Shenzhen-listed Changchun High & New Technology Industry is based in north-eastern China and invests in biological products, real estate and processed traditional Chinese medicine. The company mainly produces growth hormone products. Its new nasal spray influenza vaccine was approved in March, the first live attenuated flu vaccine in China.
- Xueqiao Wang
98. Chewy
Sector: Ecommerce
HQ: Dania Beach, US
Market cap added: US$8.3 billion
Key stat: Chewy added 1.6m new customers in the first quarter, bringing the total to 15 million.

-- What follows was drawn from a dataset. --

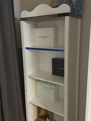 Kitab/akessuar rəfi - Model: açıq rəf + alt qapalı dolab - Material: laminat/MDFlam - Rəng: ağ korpus, rəflərdə çəhrayı kant; alt hissə taxta teksturalı qapılar - Ölçü təxmini: 180 sm hündürlük, 8...

Pet owners have been stocking up on food, treats and other supplies under lockdown, a boon for online specialist Chewy, which floated last year. A surge in orders pushed net sales in the three months to May up 46 per cent from a year ago to US$1.6 billion.
- Alistair Gray
99. GSX Techedu
Sector: Education technology
HQ: Beijing, China
Market cap added: US$8.2 billion
Key stat: Revenues increased 382 per cent in the first quarter.
GSX Techedu is an education company offering online tutoring services in China. This year, at a time when schools in the country have been closed, its shares have risen 157 per cent on the New York stock exchange. It has recently come under attack from short-sellers, including Muddy Waters. The company has denied the allegations.
- Thomas Hale
100. Teladoc Health
Sector: TELEmedicine
HQ: New York, US
Market cap added: US$8.2 billion
Key stat: Paid membership in the US rose from 27 millio to 43 millio in the first quarter.
Teladoc, which offers online consultations with doctors, has soared by 130 per cent since the beginning of the year and posted first-quarter revenues up 41 per cent as people have sought to avoid hospitals and doctors' surgeries during lockdown.